Now the RCA calls for tying the local price to indexes based on prices at certain North American sites that have similarities to the Cook Inlet market. The contracts also would increase the price paid for gas during periods of high gas demand during the cold Alaska winters. And in keeping with the state agreement with Marathon and Conoco over extending their federal license to export liquefied natural gas from their plant at Nikiski, the contracts call for curtailing LNG production if Enstar needs more gas. That LNG plant is a big consumer of Cook Inlet gas.
PRICE INDEX
In its Oct. 31 order, RCA has accepted the principle of indexing Cook Inlet utility gas prices to gas prices elsewhere in North America, to enable "the producers to earn market based rates." But Unocal's unwillingness to offer more gas to Enstar in 2009 suggests that the new exploration and development that were anticipated as a result of the Henry Hub pricing in Unocal's 2001 contract "have not been fully realized," the commission said.
Rather than pegging the Cook Inlet price to general prices in the Lower 48, the RCA picked a blend of prices from five gas-producing areas that also export gas:
El Paso, San Juan basin; Panhandle, Texas-Oklahoma; El Paso, San Juan basin; Kern River, Opal Plant; and TCPL Alberta, AECO-C.
"The trading locations were selected because they are net producing locations and export gas beyond their immediate geographic vicinity," RCA said. "They are located in the United States and Canada with geographic diversity to dampen risk. The trading locations are transparent with daily trading volumes. These factors work together to provide a meaningful cap that will help ameliorate any unreasonable terms within the GSAs (gas supply agreements)."
MARKET POWER
RCA said that it was imposing the price cap because of the gas producers' power in a market dominated by just three companies: Conoco, Marathon and Unocal. Enstar requires gas supplies and the amount of gas required by residential consumers for heating is insensitive to price, the commission said.
The commission said that certain terms within the contracts provide evidence of "an excessive degree of control" by the producers over the terms of the gas-supply agreements. Those terms include some control over Enstar's participation in the RCA review of the contracts and a requirement for Enstar to develop gas storage facilities, RCA said.
And in its contract with Enstar, Marathon has, in effect, excluded the possibility of a small third-party producer supplying gas to Enstar, by requiring all suppliers to be able to meet all levels of gas deliverability, including gas needed required for the coldest winter days, RCA said.
The commission wants this section of the Marathon contract changed.
Producer bargaining power also results in part from the fact that Conoco and Marathon own the LNG plant, the commission said.

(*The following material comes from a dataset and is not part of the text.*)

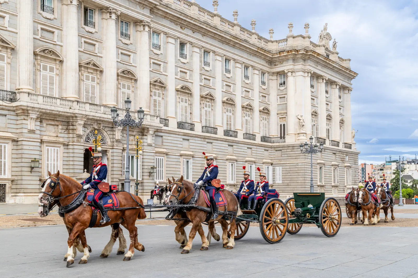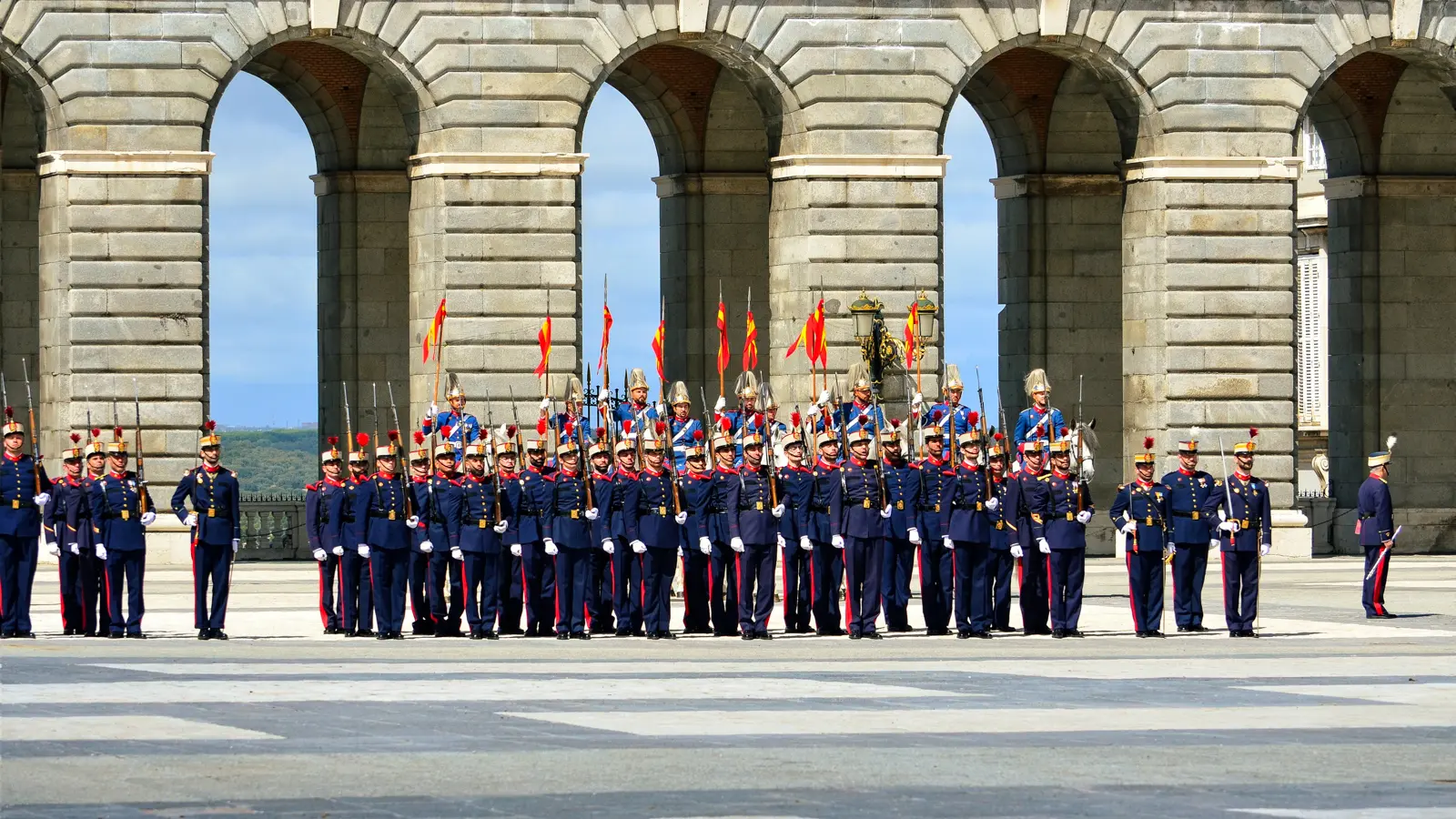 Turn toward the Royal Palace, and the full splendor of its Baroque-Neoclassical façade stands before you. The architecture is grand without being overwhelming: rhythmic pilasters, stately Ionic columns on Tuscan bases, symmetrical balconies, and a façade of gleaming white limestone and granite that changes tone with the light. This is the side through which kings once rode into ceremonies or processions. Today, Plaza de la Armería remains the backdrop for the Changing of the Royal Guard, held on Wednesdays and Saturdays, a tradition that brings history to life in the middle of the city.

"The Cook Inlet market is vertically integrated, with the producers as their own best customers through the medium of sales to the LNG export facility," it said.
And the commission said that the terms under which the U.S. Department of Energy recently renewed the LNG plant's export license had hurt Enstar's bargaining position.
"It is in the best interest of local utility ratepayers to require the producers to finalize contracts with the local utilities before receiving authorization to export natural gas," the commission said.